# CHE and On/Off Thermostat



## ColleenHorwood (Mar 22, 2021)

Hi, so, where I live, I have not been able to find a pulse proportional thermostat. Not even online. So I'm using on/ off. I know it shortens the lifespan of the ceramic heat emitter. Other than that, is it dangerous? Just wondering. Thanks.


----------



## Malc (Oct 27, 2009)

ColleenHorwood said:


> Hi, so, where I live, I have not been able to find a pulse proportional thermostat. Not even online. So I'm using on/ off. I know it shortens the lifespan of the ceramic heat emitter. Other than that, is it dangerous? Just wondering. Thanks.

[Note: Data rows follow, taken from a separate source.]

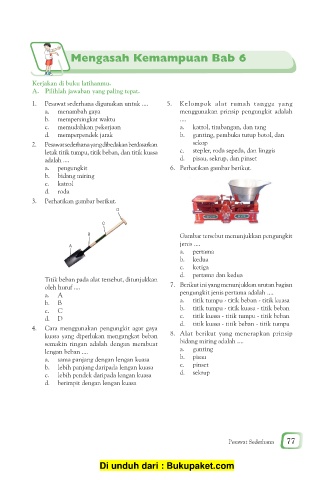 1. Pesawat sederhana digunakan untuk .... 5. Kelompok alat rumah tangga yang
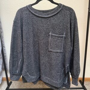 Gray luxe hacci (suuuuper soft, cozy, fleecy, plush fabric) long sleeve top with side slits. Never worn. Size s/m, true to size fit
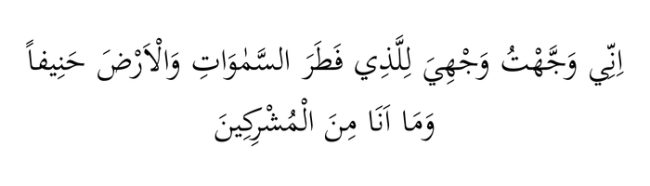 “İnnî veccehtü vechiye lillezi fatare’s-semâvâti ve’l-arda hanîfen ve mâ ene minel müşrikîn.”
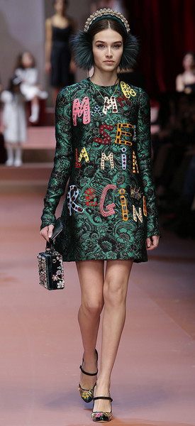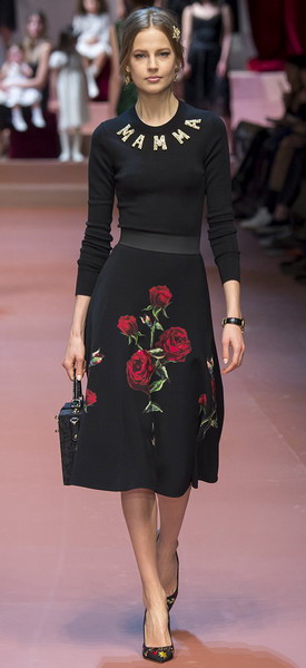 Every single detail in the fashion show celebrated mothers. Dolce and Gabbana translated Edoardo Bennato’s hit song “Viva la Mamma” on 14 different languages and included it in the fashion show.
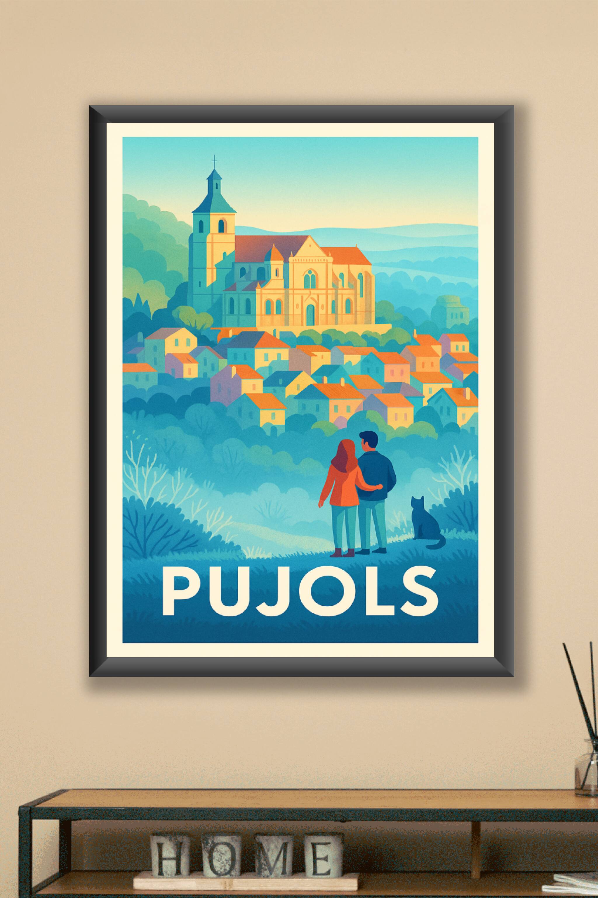 Découvrez l'élégance intemporelle de Pujols avec cette affiche illustrée mettant en lumière son village perché et son architecture pittoresque sous...
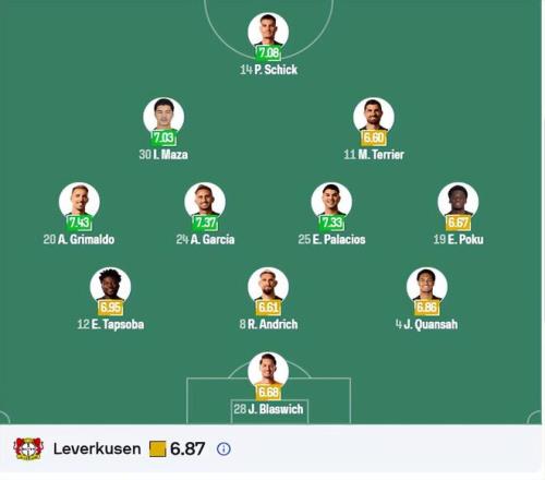 勒沃库森预计以3-4-2-1阵型应战:门将布拉斯维希;三中卫宽萨、安德里希、塔普索巴;中场波库、帕拉西奥斯、加西亚、格里马尔多;前腰蒂尔曼、马扎;前锋科法内。弗莱肯、塞吉尔、巴代、巴斯克斯、阿图尔等多名球员缺阵。
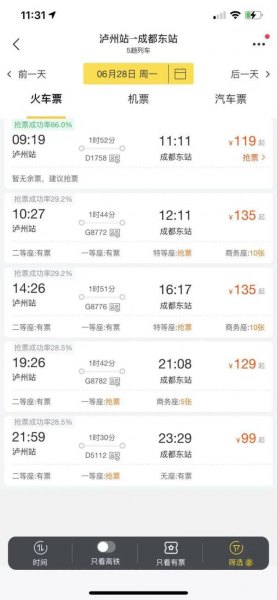 截至11点37分,购票网站上,明天最早一班9点19分从泸州站出发成都东站的列车已经没有余票,但当天10点27分,14点26分,19点26分,21点59分,均有余票可以购买。
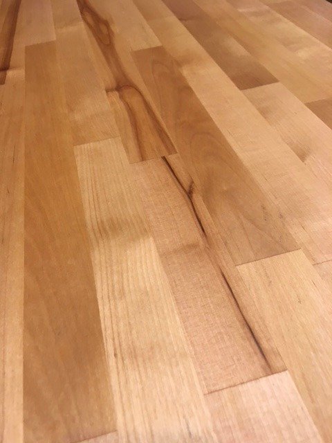 Two years ago we added an island to our kitchen. Instead of doing a granite or marble countertop we decided to do a butcher block countertop. It was very reasonably priced and it looks great.

Personally I wouldn't use an ON/OF stat with a ceramic - the resulting temperature swing will be considerable. Years ago I was doing some testing to develop my own thermostat and this was the result of the data log overnight using an on/off sat with a 150w ceramic heater. The set point was 32c










The swing was from 27c to over 40c.

If you can get a dimming thermostat that would still work with a ceramic and it will still give you a steady temperature.


----------



## LiasisUK (Sep 30, 2019)

Dimming would work fine with a ceramic


----------



## ColleenHorwood (Mar 22, 2021)

Malc said:


> Personally I wouldn't use an ON/OF stat with a ceramic - the resulting temperature swing will be considerable. Years ago I was doing some testing to develop my own thermostat and this was the result of the data log overnight using an on/off sat with a 150w ceramic heater. The set point was 32c
> 
> 
> 
> ...


Great. Just two days ago I was at the pet store and they had the exo Terra 600w dimming/pulse proportional thermostat so I bought it. I just hooked it up today. Also I'm waiting on the order of a 6x2x3 foot PVC enclosure for my common boa and I'm wondering if a 150 watt ceramic heat emitter will be strong enough for that size or if you recommend something higher? Thanks


----------



## Malc (Oct 27, 2009)

PVC is a good insulator so it will retain heat well. It's hard to say if a 150w will be sufficient or a higher wattage is better. Personally its easier if a 250w heater is used as a 150w will work harder to maintain temperature than the 250w. A poor analogy is two cars, one with a 1lrt engine the other a 3.5ltr. Both are capable of doing 70mph on a motor/ free way, but the 1ltr will be working harder to get to 70mph and maintain it when it comes to a hill, where as the 3.5 litre powered car will get there faster, and maintain 70mph regardless of the terrain 

In the UK we have distant selling laws, so if you buy on line you have 7 days in which to return an item for any reason. So you could try a 150w for a day or so, and if it works OK then keep it, or if you feel its struggling, then return it in the original packaging for refund and purchase the next one up. Maybe Canada has similar laws. Alternatively see what the shop owner has to say, and ask if you could return a 150w if you find it struggles ?


----------



## ColleenHorwood (Mar 22, 2021)

I currently have a surplus of 150w so enough to start off with and see. I prefer not to shop online but where I live does not cater much to reptiles so sometimes it is hard and I am forced to. Also it is much cheaper!


----------